The market-linked focus product scheme was also extended till the end of the current fiscal for exports to the US and the European Union in respect of the apparel sector.
The zero % duty Export Promotion Capital Goods (EPCG) Scheme for technology upgradation extended till March 31, 2013. The scheme allows import of capital goods at zero customs duty subject to an export obligation equivalent to six times of duty saved to be fulfilled in six years.
During April-May this fiscal, the country's handicrafts and carpets shipments grew at an average rate of over 10 % year-on-year. However, apparel exports growth remained flat during this period.

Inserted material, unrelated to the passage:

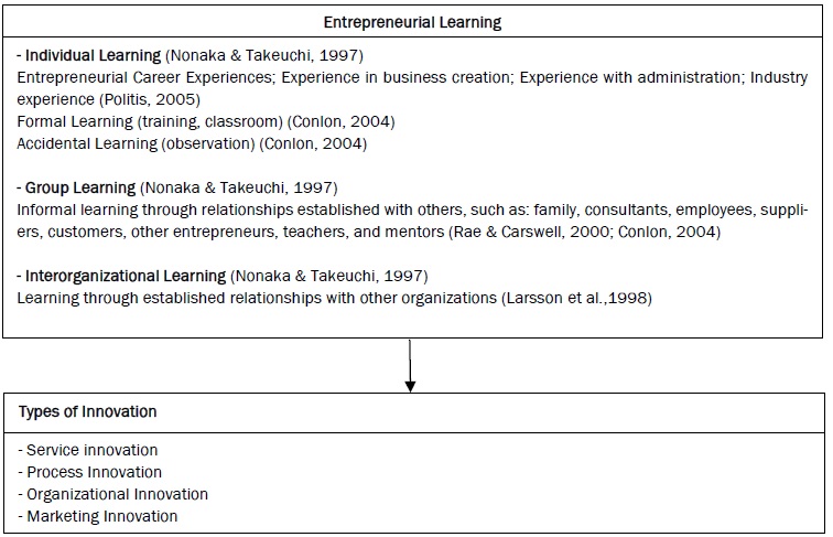 Thus, the present study attempts to fill this gap by analyzing how small and medium sized entrepreneurs of the city of Aracaju learn to innovate, and what types of innovation are adopted in these companies. To achieve this goal, we propose a conceptual model, taking as reference the type of innovation adopted by the Organization for Economic Cooperation and Development (OCDE, 2005), which considers that innovations adopted by a company can be classified into four types: service innovation, process innovation, organizational innovation, and marketing innovation. In addition, this model is based on the concept of interorganizational learning by Larsson, Bengtsson, Henriksson and Sparks (1998), the type of learning adopted by Conlon (2004), and the dimensions of learning models by Nonaka and Takeuchi (1997), Rae and Carswell (2000), and Politis (2005).
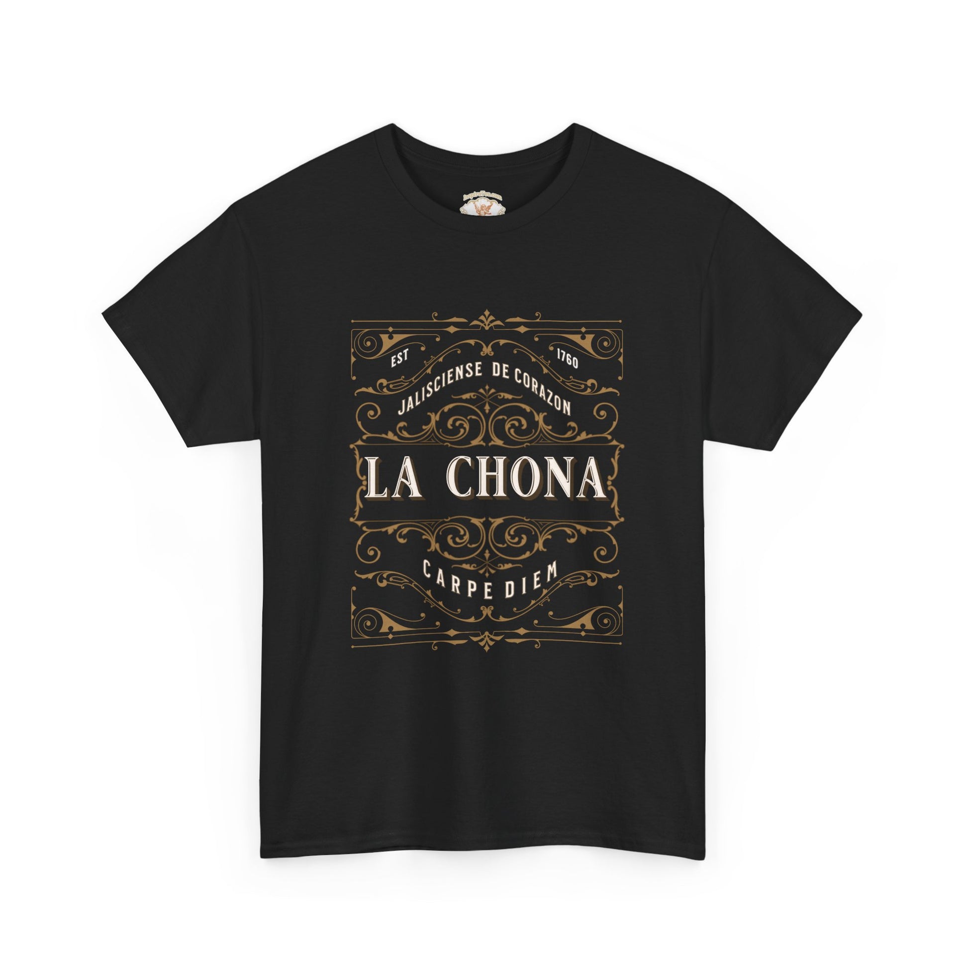 This sturdy, classic crewneck tee carries a vintage-inspired graphic that reads “La Chona” framed by ornate filigree and warm, aged tones. The weighty 100% cotton fabric holds prints crisply and wears in comfortably over time. It’s the kind of shirt you reach for when you want something dependable with personality — a simple silhouette that puts the design front and center and pairs effortlessly with jeans, a worn jacket, or layered for cooler nights. Soft at the collar, reinforced at the shoulders, and made to last, this tee feels lived-in from the first wear while keeping its shape after many washes.

"The textiles exports trend in the first two months have been slow compared to the last year, yet the industry is pinning hopes on the recent announcements in the FTP, rupee depreciation and new markets," Dhingra said.
The exporters are exploring new markets like Latin America, Russia, Japan and Africa to reduce dependence on traditional markets like the US and Europe.
The US and Europe comprise 65 % of the country's total textiles exports.
During 2011-12, India's textiles exports touched $34 billion compared to $26 billion in the previous year.
Earlier, the industry has been clamouring over high raw- material prices, high interest rates, besides demand slowdown in its major markets.
To help the cash-starved industry, the government has announced the restructuring of debt worth Rs 35,000 crore to bail out the textile mills.
The sector was hit hard by a sharp fall in cotton yarn prices and poor domestic and global demand. Textiles units were facing difficulty in repaying term loans.